Plotting 2d fields with ggplot

It is also possible to plot 2d fields with ggplot. Here we will use harp specific geoms geom_georaster(), geom_geocontour() and geom_geocontour_filled(). For an explanation of what geoms are and a comprehensive introduction to ggplot as well as the terminology used in building plots with ggplot, you are referred to the Visualize chapter of R for Data Science.

ggplot always requires the data to be in a data frame, and uses the aes() function to map data frame columns to aesthetics of the plot. That is to say, which columns affect how a particular geom is drawn. Plot geoms typically have some required aesthetics and optional aesthetics. In the case of the geom_geo functions a geolist column is always required. This is probably best illustrated with an example. We will read all of the data for 2m temperature in as a data frame using read_forecast(). A quick way to do this if you know the file name is to set the file_template as the file name.

t2m <- read_forecast(
  20240219,
  "ifsens",
  "t2m",
  file_path        = here("data", "netcdf", "ifsens"),
  file_template    = "ifsens_20240219T000000Z.nc",
  file_format_opts = opts,
  return_data      = TRUE 
) |> 
  scale_param(-273.15, "degC")

We can now try and plot the data for member 0 using ggplot() and geom_georaster().
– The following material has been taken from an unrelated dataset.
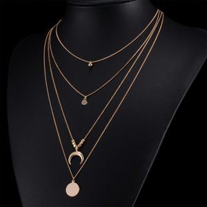 NEW long multilayer bohemian bell, coin, & gold crescent horn necklace

ggplot(t2m, aes(geofield = ifsens_mbr000)) + 
  geom_georaster()
Warning: Computation failed in `stat_georaster()`.
Caused by error in `compute_panel()`:
! More than one geofield in data. Use facet_wrap or facet_grid, or filter data before plotting.

Here ggplot() doesn’t know how to print multiple geofields unless you tell it how to do so. Let’s make things a little easier by filtering the data to only be for lead_time = 6, and extracting member 0 as deterministic.

tt <- filter(as_det(t2m, 0), lead_time == 6)

So since it is now deterministic, the column we want to plot is fcst.

ggplot(tt, aes(geofield = fcst)) + 
  geom_georaster()

There are a few ways we can improve the plot. Firstly for these data we probably don’t want the expansion zone around the data in the plot panel. We may also want (although this is lat-lon so might not be sensible) to set equal coordinate aspect ratio. We can do all of this with coord_equal(expand = FALSE).

ggplot(tt, aes(geofield = fcst)) + 
  geom_georaster() +
  coord_equal(expand = FALSE)

In addition, the tick marks and axis labels aren’t actually much use here, so we can get rid of those with theme_harp_map()

ggplot(tt, aes(geofield = fcst)) + 
  geom_georaster() +
  coord_equal(expand = FALSE) +
  theme_harp_map()

It might also be useful to have a map outline. We can get a map with get_map() telling it which column for which to get the domain for the map. We will also set polygon = FALSE so we only get paths.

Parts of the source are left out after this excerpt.